Un helado en una terraza. Un granizado en un día de calor. Un vaso de agua recién sacado de la nevera. Una bebida con hielo mientras disfrutas de las vacaciones.
Y de repente…
Un pinchazo intenso en uno de tus dientes.
Dura apenas unos segundos, pero es suficiente para que instintivamente apartes el alimento o la bebida.
¿Te resulta familiar?
La sensibilidad dental al frío es una molestia bastante habitual y durante el verano puede hacerse mucho más evidente porque aumentamos el consumo de alimentos y bebidas frías.
Muchas personas terminan acostumbrándose y simplemente evitan morder el helado o beber directamente del vaso.
Pero hay algo importante que debemos recordar:
que sea frecuente no significa que debamos considerarlo normal.
Detrás de la sensibilidad dental puede haber desde un desgaste del esmalte hasta una retracción de las encías, una caries, bruxismo o incluso una pequeña fisura dental.
Por eso, si cada verano vuelves a sentir ese característico «calambre» al tomar algo frío, quizá sea el momento de preguntarse por qué ocurre.
Desde Clínica Dental Albea, en Bilbao, te explicamos qué provoca la sensibilidad dental, por qué puede hacerse especialmente evidente durante el verano y qué puedes hacer para volver a disfrutar de tus helados y bebidas frías sin miedo al siguiente pinchazo.
¿Qué es exactamente la sensibilidad dental?
Para entender por qué un diente puede doler con el frío debemos conocer brevemente cómo está formado.
La parte exterior de la corona del diente está protegida por el esmalte, un tejido extremadamente resistente.
Debajo se encuentra la dentina.
La dentina contiene una enorme cantidad de pequeños conductos microscópicos que se comunican indirectamente con la zona interna del diente, donde se encuentra la pulpa dental y sus terminaciones nerviosas.
Mientras el esmalte y las encías protegen correctamente estas estructuras, normalmente podemos comer y beber sin molestias.
El problema aparece cuando la dentina queda más expuesta.
Entonces estímulos como:
- El frío.
- El calor.
- Los alimentos dulces.
- Determinados alimentos ácidos.
- Incluso el contacto o el aire.
pueden desencadenar una respuesta dolorosa.
La sensación suele ser rápida, intensa y de corta duración.
Es ese famoso «calambre» dental que muchas personas conocen perfectamente.
¿Por qué notamos más la sensibilidad dental en verano?
No significa necesariamente que nuestros dientes se vuelvan más sensibles porque suba la temperatura exterior.
Lo que cambia principalmente son nuestros hábitos.
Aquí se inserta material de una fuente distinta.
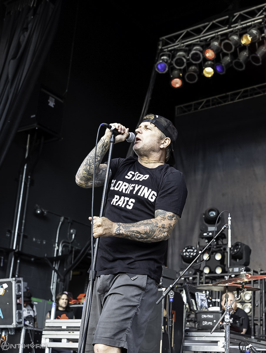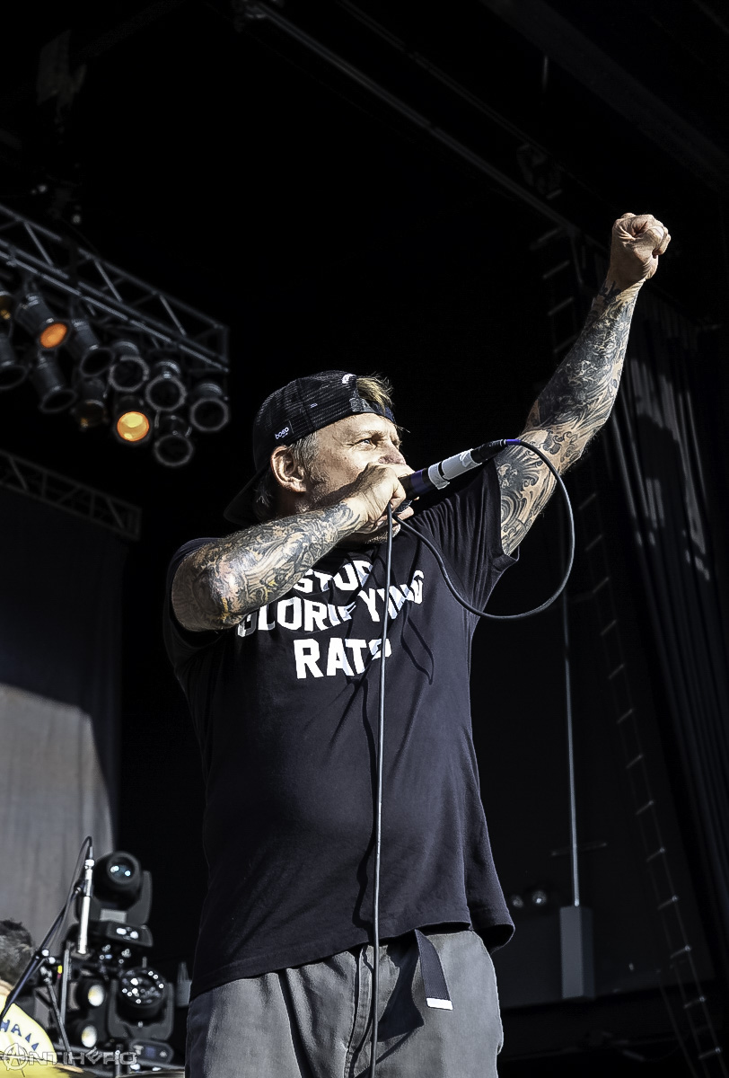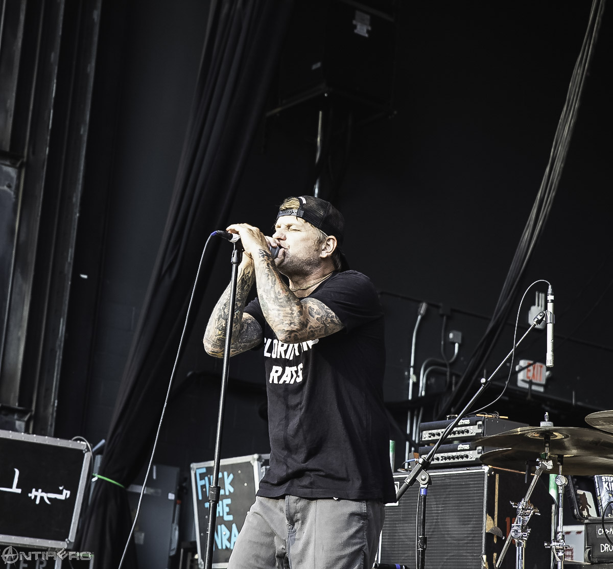 The night was perfect for a show. Not too hot, not too sunny and a light breeze blowing through. Unfortunately for the first act Cro-Mags, that meant it was also a perfect night to attend our state fair. The crowd was a bit sparse for their set. Thankfully that didn’t kill the band’s energy because they went full force with their hardcore set. Singer John Joseph was as bouncy on the stage as I had come to expect. Combine that energy with aggressive guitar riffs and a PMA message and you’ve got the perfect band to start the night off right!

Durante los meses de verano solemos consumir con mayor frecuencia:
- Helados.
- Granizados.
- Bebidas con hielo.
- Refrescos fríos.
- Agua directamente de la nevera.
- Fruta fría.
- Batidos.
Esto provoca que nuestros dientes estén expuestos muchas más veces a temperaturas bajas.
Una sensibilidad que durante el invierno podía pasar prácticamente desapercibida puede convertirse de repente en algo muy evidente.
Por eso el verano funciona, en cierto modo, como una pequeña prueba de sensibilidad para nuestros dientes.
El helado no tiene por qué ser el problema.
Puede ser simplemente aquello que nos permite descubrir que existe una zona dental que necesita atención.
¿Por qué duelen los dientes cuando tomamos algo frío?
Cuando la dentina está expuesta, los cambios de temperatura pueden provocar movimientos del líquido presente en sus pequeños túbulos.
Ese estímulo puede activar las terminaciones nerviosas del interior del diente.
El resultado es esa sensación aguda que aparece prácticamente de inmediato.
Pero aquí encontramos una cuestión fundamental:
¿por qué ha quedado expuesta la dentina?
Responder a esta pregunta es mucho más importante que limitarse a evitar los alimentos fríos.
La sensibilidad es un síntoma.
Nuestro objetivo debería ser conocer su causa.
1. Retracción de las encías: una causa muy frecuente
Una de las causas habituales de sensibilidad es la retracción gingival.
La encía puede desplazarse progresivamente y dejar expuesta una parte de la raíz del diente.
La raíz no cuenta con la misma protección de esmalte que la corona, por lo que puede reaccionar con mayor facilidad ante determinados estímulos.
La retracción puede estar relacionada con diferentes factores, entre ellos:
- Enfermedades de las encías.
- Cepillado excesivamente agresivo.
- Determinadas características anatómicas.
- Posición de los dientes.
- Bruxismo u otras sobrecargas, según el caso.
A veces el paciente simplemente observa que sus dientes parecen «más largos».
En otras ocasiones, la primera señal es precisamente la sensibilidad al frío.
2. Cepillarse más fuerte no significa limpiar mejor
Existe una idea muy extendida: cuanto más fuerte cepillemos los dientes, más limpios estarán.
No es así.
Un cepillado demasiado agresivo, especialmente mantenido durante años, puede contribuir al desgaste de determinadas zonas y favorecer problemas en las encías.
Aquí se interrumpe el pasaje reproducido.